I thought that the view from outside our hotel was incredible but I was even more dazzled by our next stop at Desert View (located on the eastern end of the South Rim). 

It was relatively early in the morning when we arrived at the Desert View viewing area.  There is not a whole lot there besides a small trading post, a place to grab a snack, and public toilets.  But then again, you don't need much when you have the Grand Canyon looming in front of you.

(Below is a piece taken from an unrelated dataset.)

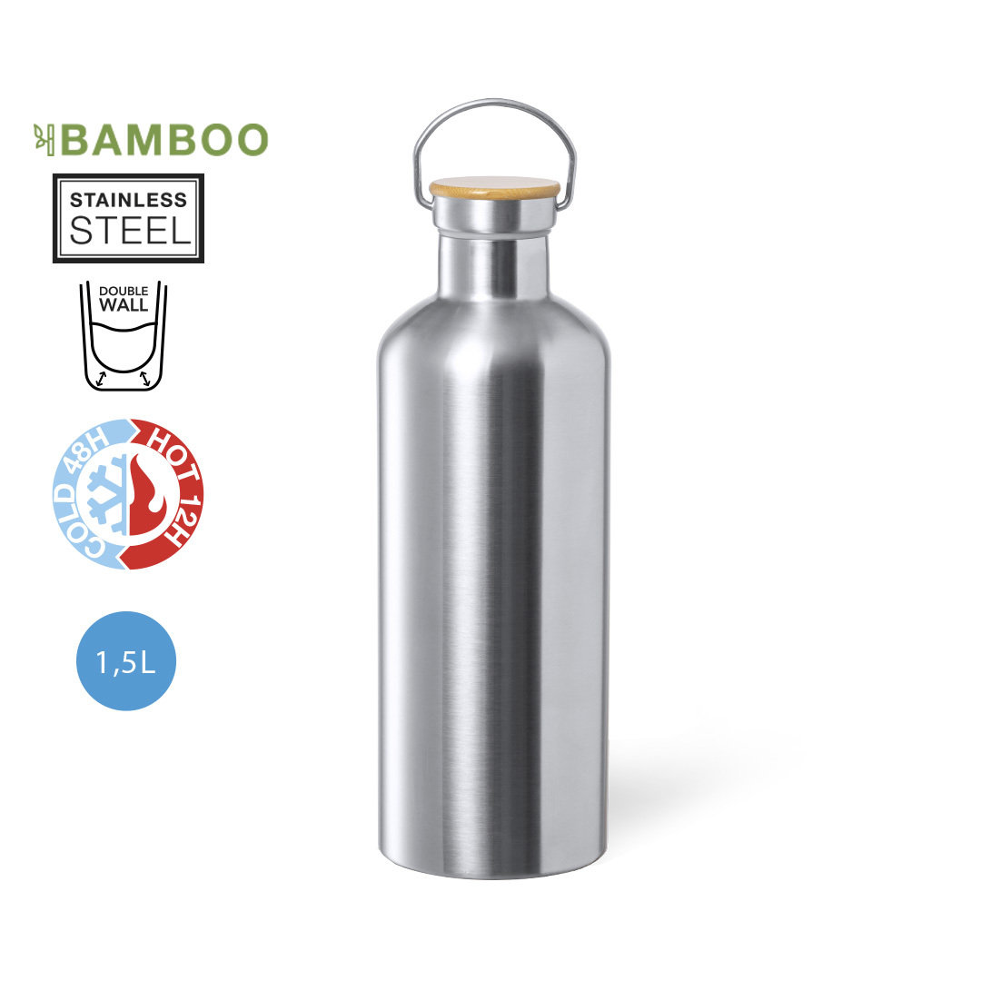 Bidón térmico jumbo de 1,5 l de capacidad, fabricado en acero inox de doble pared y acabado mate. Incluye original tapón a rosca en acero inox, con detalle de bambú y asa integrada. Libre de BPA y presentado en caja individual de diseño kraft. 1,5 L

There is a Watch Tower perched on the rim designed by Mary Colter.  Visitors can view the canyon from inside the tower or from the observation platforms built around it.  We wanted to maximize our time,so Maggie and I opted to view the canyon from the different platforms.

We were not disappointed.

If the views were simply spectacular.  Far below you could spot the mighty Colorado River   that had carved out the canyon.  The view at this particular part of the canyon gives you even a better idea of just how large the canyon is.  It is approximately 277 miles long and the width can approach 20 miles.  It is also a mile down in spots.  Where we stood seemed to be one of those spots and I was very happy to have a good strong railing keeping me from tumbling over.

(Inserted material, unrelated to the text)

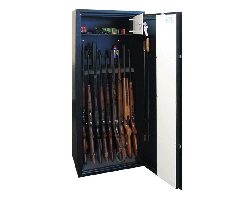 Skříně jsou určeny k úschově loveckých a sportovních zbraní. Vyrábějí se jako jednoplášťové ve dvou velikostech SZ 6 na 4 – 6 zbraní a SZ 10 na 6 -10 zbraní. Jsou vybaveny třemi odkládacími poličkami a držáky na vytěráky ve dveřích skříně, hlavně zbraní jsou upevněny ve speciálních držácích. Skříň je zhotovena z plechu tloušťky 3 mm. Souběžně se vyrábějí jednodušší a levnější skříně z plechu tloušťky 2 mm s odkládací poličkou za hlavněmi zbraní. Hlavně jsou uchyceny v pěnových držácích. Skříně jsou dostupné ve velikostech SZ 1 na 4 zbraně, SZ 2 na 6 zbraní, SZ 3 na 10 zbraní. Všechny typy jsou vybaveny vnitřní uzamykatelnou schránkou na střelivo a jsou osazeny třístranným trezorovým zámkem MAUER nebo STUV, na přání lze skříně osadit mechanickým kombinačním, případně elektronickým zámkem. Pro úschovu krátkých zbraní se vyrábějí i sejfy v provední k zazdění SSZ nebo v provední nábytkovém k ukotvení do stěny NSZ. Oba typy jsou rovněž vybaveny vnitřní uzamykatelnou schránkou. Základní barevné provedení skříní i sejfů je strukturní barva RAL 9002 (šedobílá) nebo RAL 9005 (černá). Na přání lze skříň vybavit čalouněním a doplňky zelené barvy.

From the beauty of the Grand Canyon, we moved into Navajo Country but not before spotting several wildfires burning off in the distance.  Did you know that if a wildfire is started in a national park by natural causes, the Forestry Service lets it burn itself out?  I didn't.

It seemed my ignorance about this part of the United States was worse than I thought.  I knew that the Navajo had a large reservation but I had no idea that it existed in multiple states.  I was also impressed to find out that the Navajo are determined for the members of their tribe to earn money by working hard and that's why they have resisted building casinos on their land.  They have not, however, resisted the temptation to build gift shops or craft stands.  Signs for them are everywhere.

One of the most impressive parts of the Navajo Reservation is Monument Valley and we were lucky enough to be staying right in the heart of it.  Our hotel, Goulding's Lodge, was a basic hotel nestled in amongst the rock formations.  This time the view of our room did not include any minivans but large rock formations dotting the horizon.

That night we climbed into the back of a converted pickup truck (the bed was converted to hold padded benches which were relatively comfortable but a bit bumpy) and headed into the desert for a cookout hosted by local Navajos.  Little can compare to eating steak and all the fixings, prepared in the traditional Navajo way, surrounded by large red colored rock formations.  The kids on the trip, including my 13 year old, couldn't get enough of them climbing up and down them like some sort of ancient playground.

The next morning I rose early to photograph the sunrise.  I'm happy to say that I had much more success doing that than I did photographing the sunset at the Grand Canyon.  Maggie, however, opted to view the insides of her eyelids and missed the entire thing informing me that she would look at my pictures later.

Later that morning we had more fascinating sights to see as we once again climbed into the trucks, which they called 'jeeps', and headed into Monument Valley proper.

Owned by the Navajo, they run organized tours of the area which is massive in size.  You can also travel there on your own or, in the near future, stay in a hotel on the property.

The formations were huge and it was fun to hear what they were called and to see if we could spot what the Native Americans had seen when they named them.  Some were easy, some were not.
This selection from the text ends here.